--- RAW DATA Enclosed Below ---

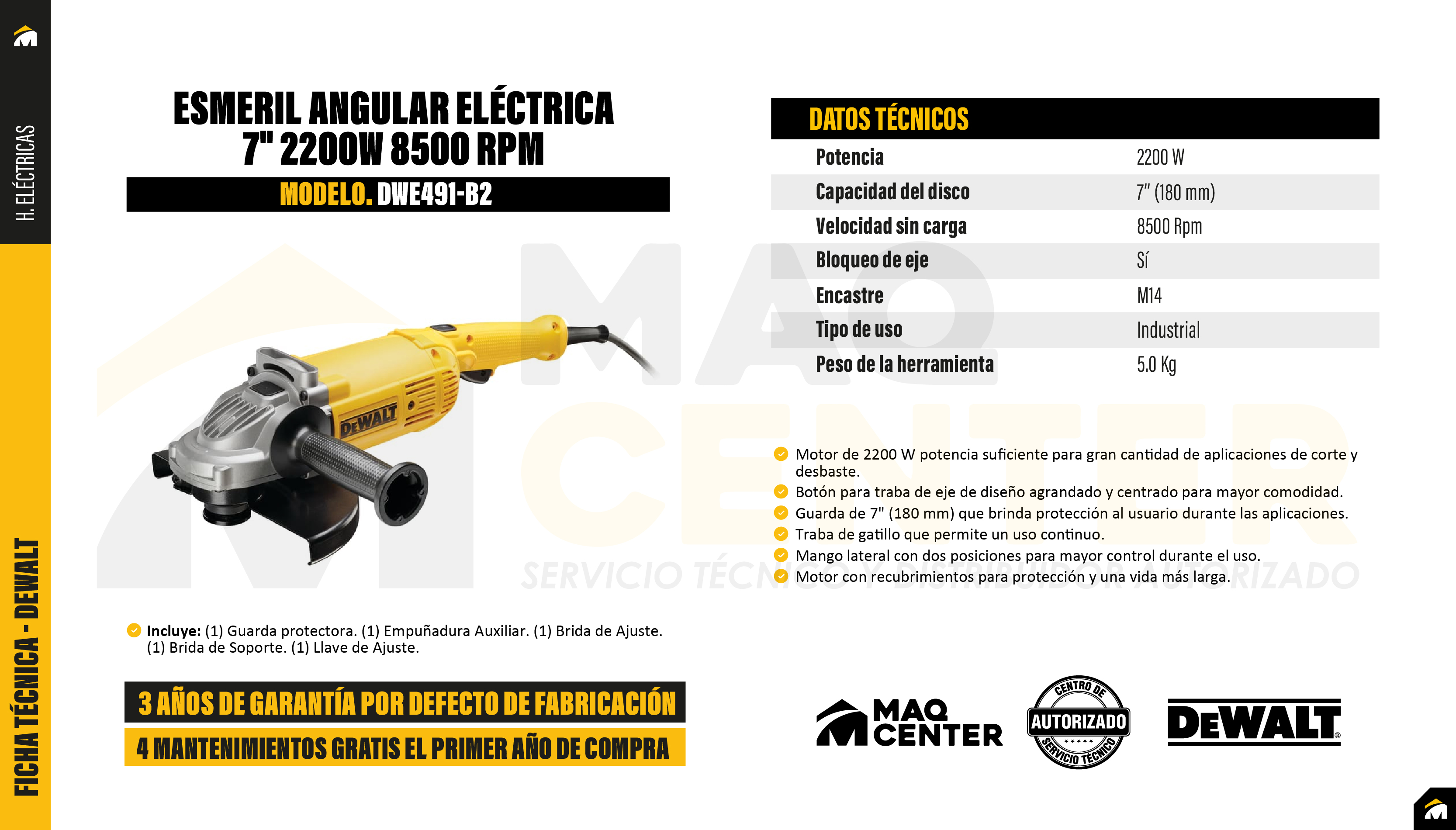 Esmeril angular eléctrica 7" 2200w 8500 rpmdewalt dwe491-b2
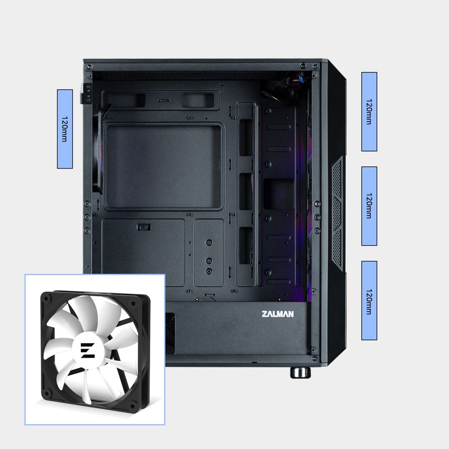 4 előre telepített 120 mm-es ARGB ventilátor (3 elöl, 1 hátul) biztosít gyors hőelvezetést a házból, és akár 8 ventilátor is támogatott
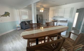 Downstairs is accessed by its own entry and includes full bathroom, surfboard pub table, refrigerator, pull out couch and washer/dryer.
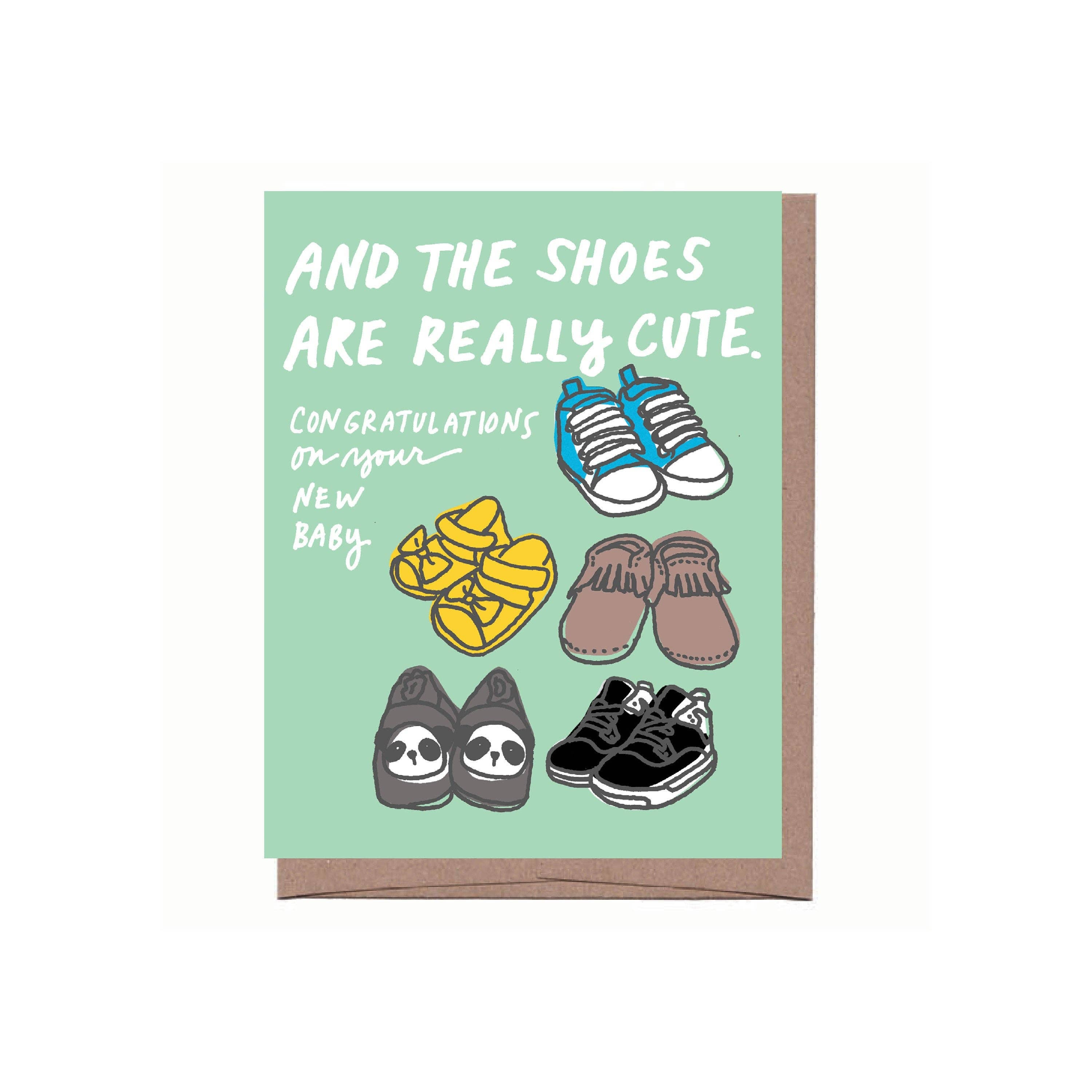 The shoes are really cute. Flat printed on FSC certified paper from an original handcut collage, drawing, or print. 4.25" x 5.5" folded card with recycled kraft envelope. Blank inside Made in USA
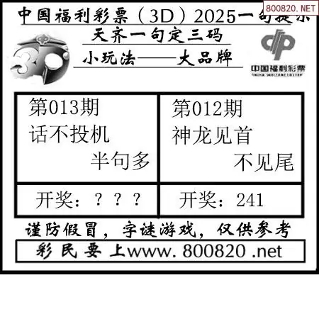 您现在所在的位置: 天齐网 >> 福彩3D >> 3D图谜 >> 正文

--- End of Enclosed RAW DATA ---

**YOUR OBJECTIVE:** Each record above, in full: return it exactly, pictures excluded.

**ANSWER TO THE PROBLEM:**
 Esmeril angular eléctrica 7" 2200w 8500 rpmdewalt dwe491-b2
 4 előre telepített 120 mm-es ARGB ventilátor (3 elöl, 1 hátul) biztosít gyors hőelvezetést a házból, és akár 8 ventilátor is támogatott
 Downstairs is accessed by its own entry and includes full bathroom, surfboard pub table, refrigerator, pull out couch and washer/dryer.
 The shoes are really cute. Flat printed on FSC certified paper from an original handcut collage, drawing, or print. 4.25" x 5.5" folded card with recycled kraft envelope. Blank inside Made in USA
 您现在所在的位置: 天齐网 >> 福彩3D >> 3D图谜 >> 正文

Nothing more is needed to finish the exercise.